東本願寺 麗華「薫子が誰かの物になるなんて耐えられない! 私と一緒に逃げましょう!」
二条城 薫子「ごめんなさい、父さん母さん。私は愛に生きる!」

二条城父「ということがありまして…」
乃木家親族「どっひゃあ!?」ドンガラガッシャーン
 丹羽君、図らずもそのっちのお見合いイベントを回避。


勇者部夏祭り

「遅いわねー。丹羽と樹と乃木」

「あんたねぇ、伝説の勇者様に対する敬意ってものが」

「でも本人がいいって言ってるのに様付けするのは失礼だよ、夏凛ちゃん」

「そうよ。そのっちはそんなこと気にしないわ」

 ついてこない3人を心配しながらかき氷をむさぼる風に、小言を言う夏凜、それをいさめる友奈、友奈に同調する東郷と勇者部はいつも通りだ。

 バラバラなようでそれぞれが彩を引き立てあい絶妙にバランスが取れている。まるでこれから上がる花火のようだ。

「ごめーん。遅れてー」

「おまたせしましたみなさん」

 園子の呼び方について話し合っていると、件の園子と樹が1人の女性を連れてやってくる。

 身長は風と同じくらいで、結構長身だ。顔の輪郭はどちらかと言えばかわいい系。だが目と眉はりりしいカッコイイ系だ。

 体格がいいことから何かスポーツでもやっているのだろうか?

 長い茶髪は先端に行くにつれ紫に染まっている。

 着け髪のエクステという奴だろう。勇者部メンバーは使ったことがない…というか縁がないオシャレアイテムだ。

 体育会系の部活にいる女子に声援を送られそうな女子とビジュアル系のバンドをしている女子を掛け合わせたような見た目といえばわかりやすいだろう。

「えっと樹、その人は?」

「ふふ、誰でしょう? ヒントはお姉ちゃんや皆が知っている人だよ」

 姉の質問ににこにこしながら逆に問いかける樹。

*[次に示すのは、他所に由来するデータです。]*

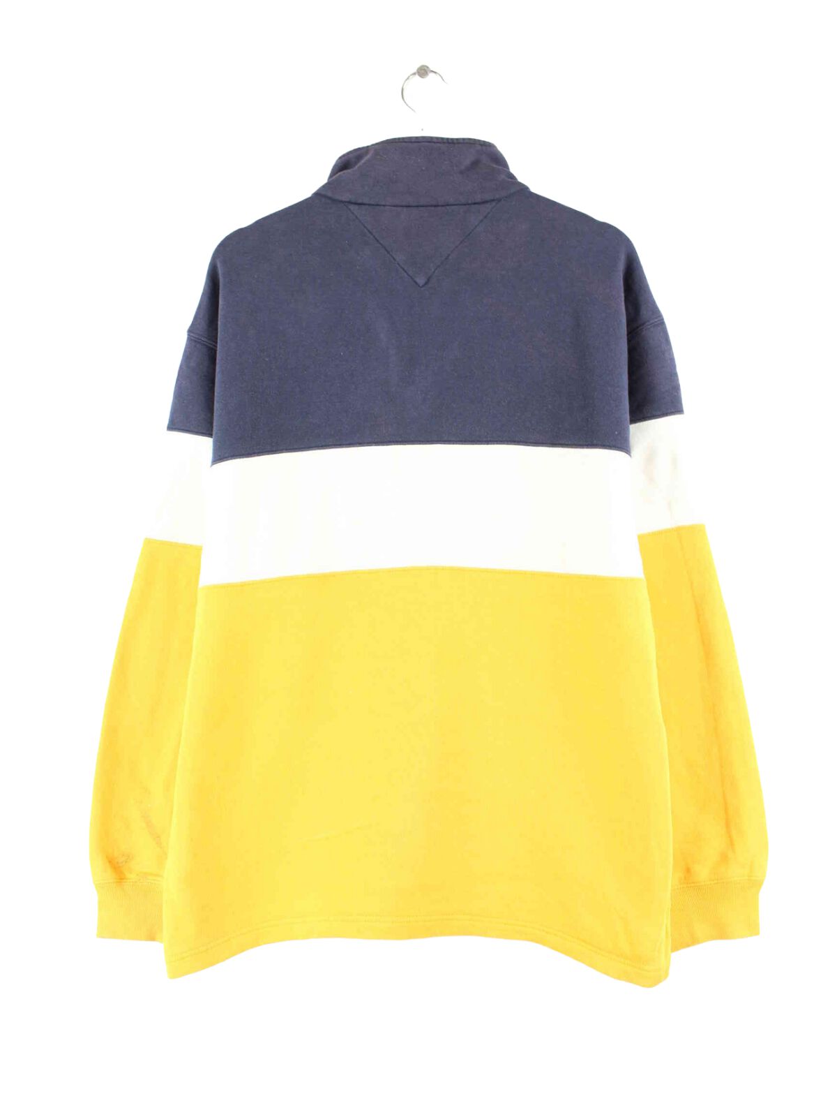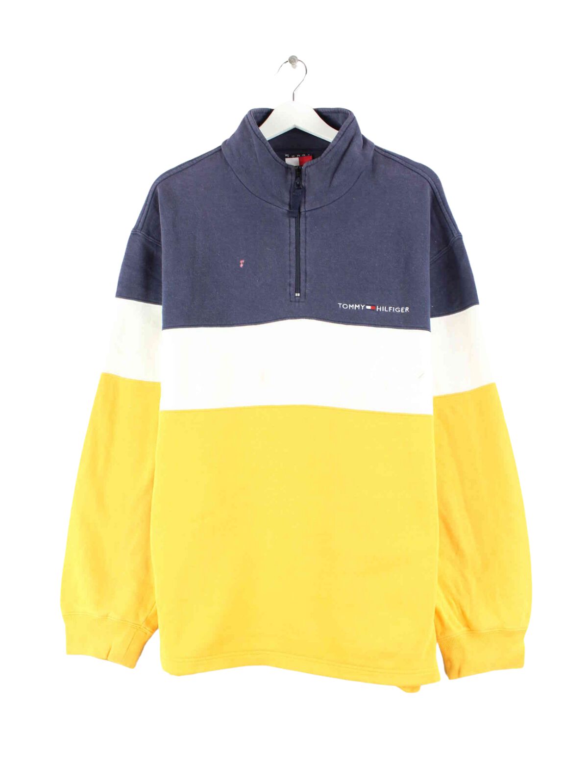 Multicolored half-zip sweater from the 90's label Tommy Hilfiger in size L. It is made from a cotton blend. We would describe the condition as 'OK' (see pictures).

はて? と4人は首をかしげる。

 今まで勇者部に依頼に来た人間の関係者? それともクラスメイト?

 だが思い返してもどれにもヒットしなかった。というか、多分初対面だ。

 するとその少女はため息をつき、園子をじろっとにらむ。

「そのっち先輩。悪ふざけもほどほどにしてくださいよ。みんな固まってるじゃないですか」

 その聞き覚えのある声に、4人は驚く。

「「「「に、丹羽ぁ!?」」」」

「えー。楽しいのに? ねー、いっつん」

「はい。丹羽くんがどんどんきれいで可愛くなっていくのは見ててすごく楽しかったです」

 丹羽とは対照的に園子と樹は「ねー」と笑顔で顔を見合わせキャッキャとはしゃいでいる。

 どうやら丹羽をいじっている間に意気投合したらしい。

「え、丹羽? マジで」

「マジです」

 固まっている風に、丹羽は大まじめにうなずく。

「その髪どうしたの?」

「そのっち先輩の私物のウィッグとエクステです」

 短髪だった髪が長髪のビジュアル系になっていることに驚く夏凛に、パチンと1部を外して見せる。

「お化粧してるんだ。かわいいねー」

「結城先輩。かわいいって女の子専用の褒め言葉なんですよ」

 近くに寄って整えられた眉毛やファンデーションを注意深く見ている友奈に丹羽は返す。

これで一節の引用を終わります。